Después de nuestra semana europea, África y su maravilloso mundo nos esperaban. Estábamos cansados, pero las ganas de meternos de lleno en la ciudad fetiche de Carmina la divina eran más fuertes.
Marrakech es una ciudad llena de vida y color. Su gente es amable, abierta y noble. Llevan el comercio y el espíritu nómada en la sangre. El alma de Marrakech y sus habitantes se refleja en la plaza Jama El Fena. Cuando el sol se esconde y la noche oscurece las laberínticas calles de Marrakech, dicho foro se llena gente, de puestos de comida y zumos de naranja, de bailarines, de encantadores de serpientes, de tatuadoras de henna, de niños, turistas y de luz. Es muy difícil describir con palabras lo que se ve y se siente cuando te sumerges en la plaza y en el zoco que desemboca en ella. El regateo, el ruido de las motos, las llamadas de los vendedores, los vivos colores de las ropas, el olor de las especias y los cantos que instan al rezo desde los minaretes te absorben todos los sentidos haciendo que el corazón te lata al ritmo de la ciudad.
Al contrario de lo que cabría pensar, Marrakech es una ciudad llena de encantos y más aún si te diriges a las desérticas y monumentales montañas del Atlas. Los dispersos poblados berberes y las kashbas de adobe son los únicos oasis de vida que se pueden beber en el desierto. El paisaje del Atlas es precioso y vale la pena salir de la ciudad y adentrarse en la tundra de la cordillera marroquí.

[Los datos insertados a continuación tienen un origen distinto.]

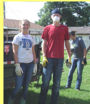
Helping, youthful hands from FBC, Depew, Oklahoma
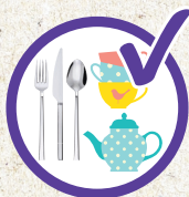
Crockery and Cutlery
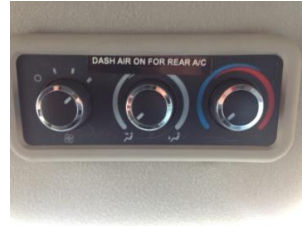
REAR A/C CONTROLS (NEW PIC)
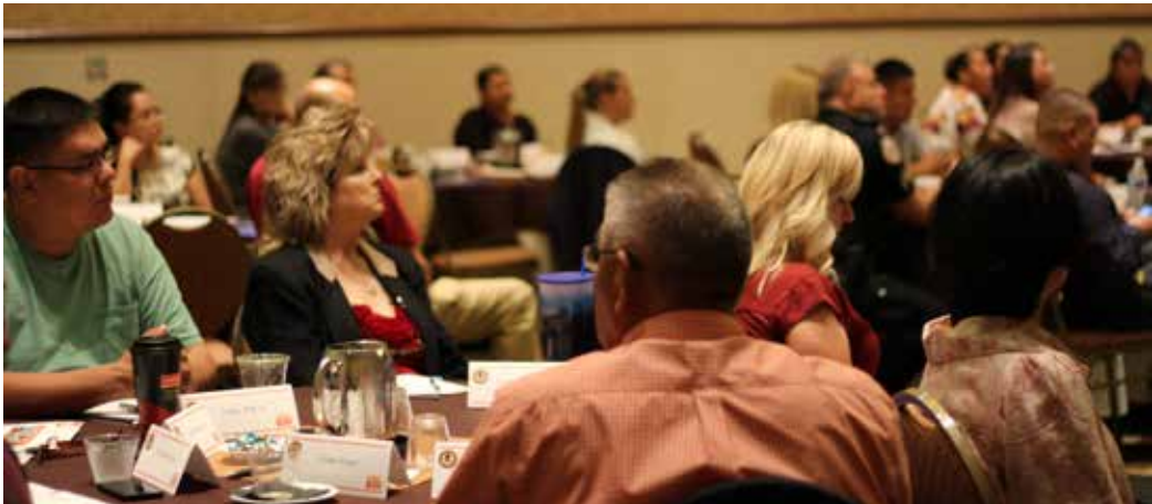
Participants attend a presentation at an AMBER Alert in Indian Country symposium.
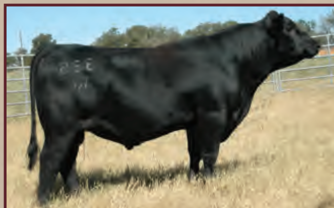
Reference Sire - S Rock McNelly 335W

En resumidas cuentas el viaje fue de lujo, aunque para lujo, el del hotel al que nos llevó easyjet debido al retraso del vuelo de vuelta a Madrid. Y menudo retraso. Cuando el avión estaba a cinco segundos de despegar dio un frenazo debido a un problema en un motor. El problema tenía plumas, pico y alas y fue absorvido por la espiral de aspas del motor. Pero murió matando partiendo dos hélices. Después del susto y de la incertidumbre sobre nuestro devenir, el coronel (apodo familiar al piloto del avión) hizo que nos trataran como reyes hasta que emprendieramos el vuelo de nuevo al día siguiente.

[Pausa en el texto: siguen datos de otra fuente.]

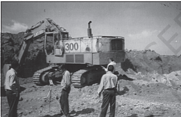
Fig. 12.2 : Noise monitoring at Panchpatmalai Bauxite Mine

The main sources of noise pollution are various factories, mechanised construction and demolition works, automobiles and aircraft, etc. There may be added periodical but polluting noise from sirens, loudspeakers used in various festivals, programmes
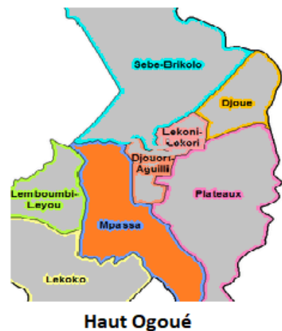
Map of affected province.
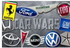
Ford is ready to step on the gas
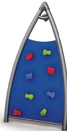
Rock Climbing Wall #26069 Critical Fall Height: 8' (2.4m)
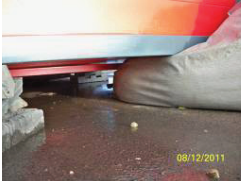
Photo shows: View at south-east corner: Site cabin landed on “bean bag safety cushion” and provided approximately 400mm void between the base of the site cabin and the ground level. We understand that the injured party was under the site cabin at this location.
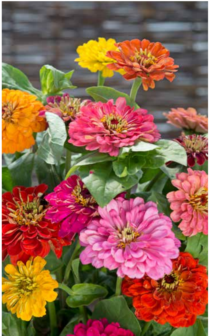
ZI4300 ZINNIA elegans 'Field Grown Mixture'

Bright scarlet, vigorous plants with large rounded fully double flowers

Los cuatro disfrutamos de la ciudad y el viaje al máximo. Viajar con mis padres es un placer porque cogen su mochila y son capaces de comerse el mundo. Te contagian de interés y positivismo. El cus cus, los paseos a caballo, el tallin, los higos chumbos, los tés, las coca colas con pajita, los dirhan, los kebaps, los quiebros a las motos, el desierto, las compras, los bollos a diez céntimos y los deliciosos zumos de naranja a treinta nos ha unido aún más si cabe. Estoy seguro que repetiremos cuando el trabajo lo permita. ¿El lugar? No lo sé y no me importa. El destino es lo de menos cuando la compañía es buena.